Indian chess grandmaster (born 2006)

Leon Luke Mendonca (born 13 March 2006) is an Indian chess grandmaster. He is the sixty-seventh Indian to qualify for the title of Grandmaster, which FIDE awarded him in January 2021.

==Chess career==
Mendonca became an International Master (IM) in 2019 at the age of 12 years, 11 months and 3 days. He was stranded in Eastern Europe due to COVID lockdowns in March 2020. He attained his first Grandmaster norm at the Rigochess Grandmaster tournament in Hungary in October 2020. Within a span of 21 days, he won another Grandmaster tournament at Budapest earning him the second Grandmaster norm.
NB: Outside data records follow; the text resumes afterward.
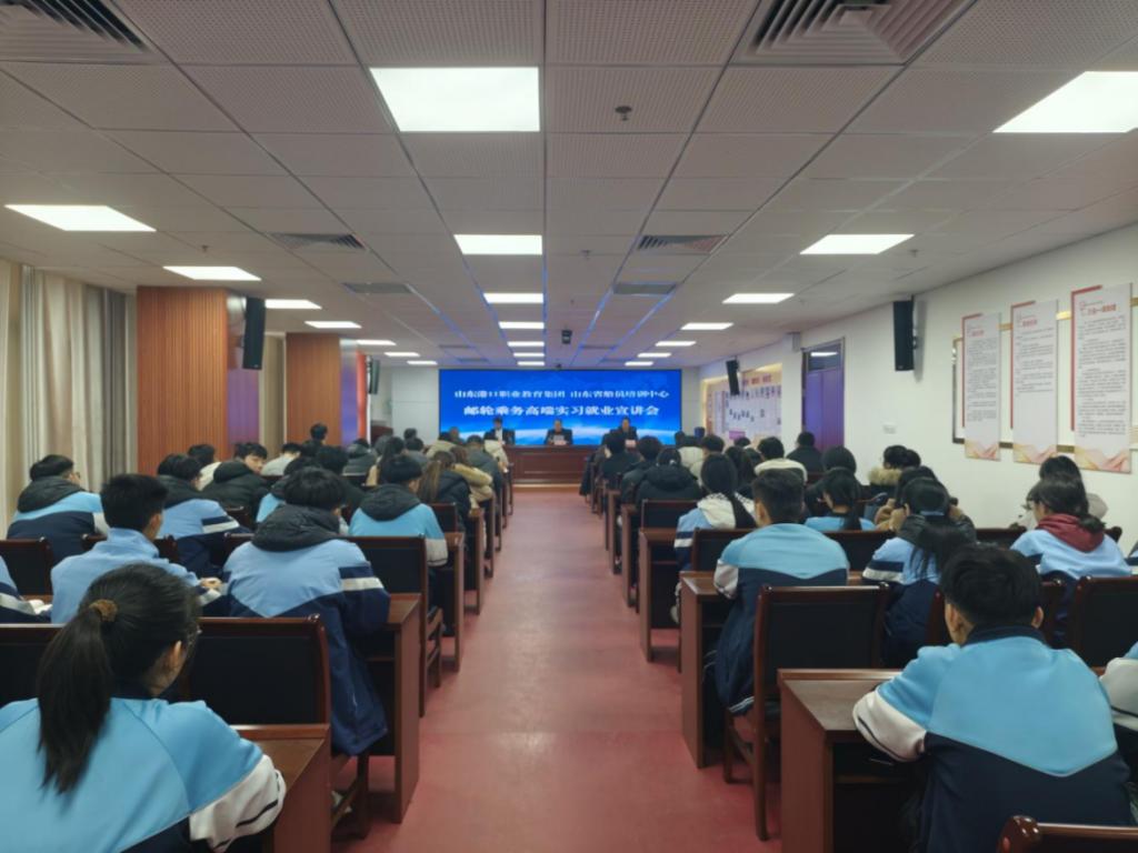 当日下午,山东省船员培训中心业务主管靳文杰面向师生开展邮轮乘务高端实习就业专题宣讲。学校招生就业处负责人、各系部分管工作负责人、相关专业教师及2023级部分学生参加。靳文杰系统解读了国际邮轮乘务行业发展前景、工作环境、岗位要求、薪资福利及职业晋升通道,并结合实际案例答疑解惑,与同学们就岗位适配性、实习安全保障等问题深入互动。
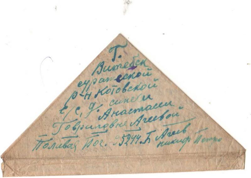 Людмила Васильевна Агеева работает библиотекарем в отделе библиотечного маркетинга государственного учреждения культуры «Витебская районная централизованная библиотечная система» Республики Беларусь. Она представила в Интернет-дневник уникальное оцифрованное письмо (судя по всему, последнее письмо, предсмертное). Это письмо её родственника Никифора Петровича Агеева, участника Великой Отечественной войны. Он родился в 1903 году в Суражском районе Котовского сельсовета д. Синяки.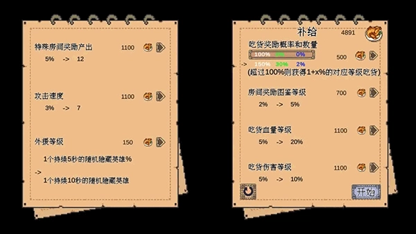 在每一大关开启前,你可以用鸡腿来强化全体英雄的基础属性,而且这些属性加成是永久生效的哦~建议优先把右上角的「吃货奖励概率与数量」点满,这个属性对提升每关结束后三选一英雄的数量和基础品质帮助很大!

Mendonca achieved his third and final norm in December 2020 by finishing second at the Vergani Cup in Bassano del Grappa, Italy. He became the second grandmaster from the state of Goa after Anurag Mhamal achieving the feat at 14 years, 9 months and 17 days. He was officially awarded the title of grandmaster (GM) in January 2021.

In January 2024, Mendonca won the Challengers' section of the Tata Steel Chess Tournament, qualifying him for the Masters section in 2025.